I stared at the badge of oh-so-honourable intent behind them. “In God We Trust”. Our separation within the universal vastness was miniscule, yet their gods still needed to sprinkle naïve belief over that blue crumb of corrupted life. Perhaps ‘e unibus pluram’ was more apt.
Betty nudged me. I suppose I should answer, if only to confirm our one small step to primacy would prevail. It would be an interesting conversation: just him and me, a scared and old risk-averse primate staring up at this brave new one.

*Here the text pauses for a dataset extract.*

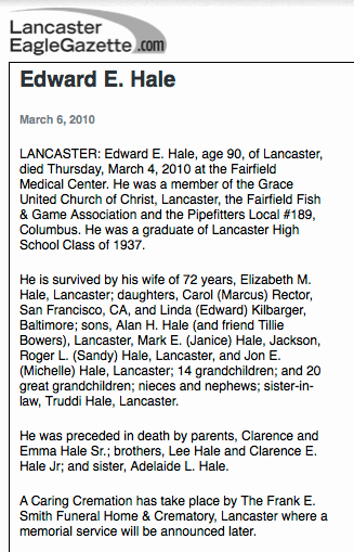 1. Marc, A very nice tribute. My sympathies to Carol and you and the whole Hale clan. Wow- 15 grandkids plus 20 great grandchildren- what a legacy! Alison

This story is dedicated to the following extra-terrestrial heroes: Alberts I, II, III, IV and V, Yorick, Dezik & Tsygan, Patricia & Mike, Laika, Gordo/Old Reliable, Miss Able & Miss Baker, Marfusha, Sam & Miss Sam, Belka, Strelka, Sally, Amy, Moe, Ham & Enos, Abrek & Bion 1,2,3,4,5,6,7,8 & 9, Goliath, Scatback, Verny & Gordy, Chemushka, Hector, Félicette, Martine, Pierrette, Veterok & Ugolyok, Bellisario, Bonny, No. 3165 & No. 384-80, Juan, Dryoma & Yerosha, Fe, Fi, Fo, Fum & Phooey, Zhakonya & Zabiyaka, Arabella, Anita, Nadezhda, Gladys & Esmeralda, Ivasha & Krosh, Lapik & Multik, Aftab & Fargam.
Great story!
Congrats on the Honorable Mention! Monkeying around with nature seems to be the theme of this edition of the contest. Or maybe that’s humaning around with monkeys.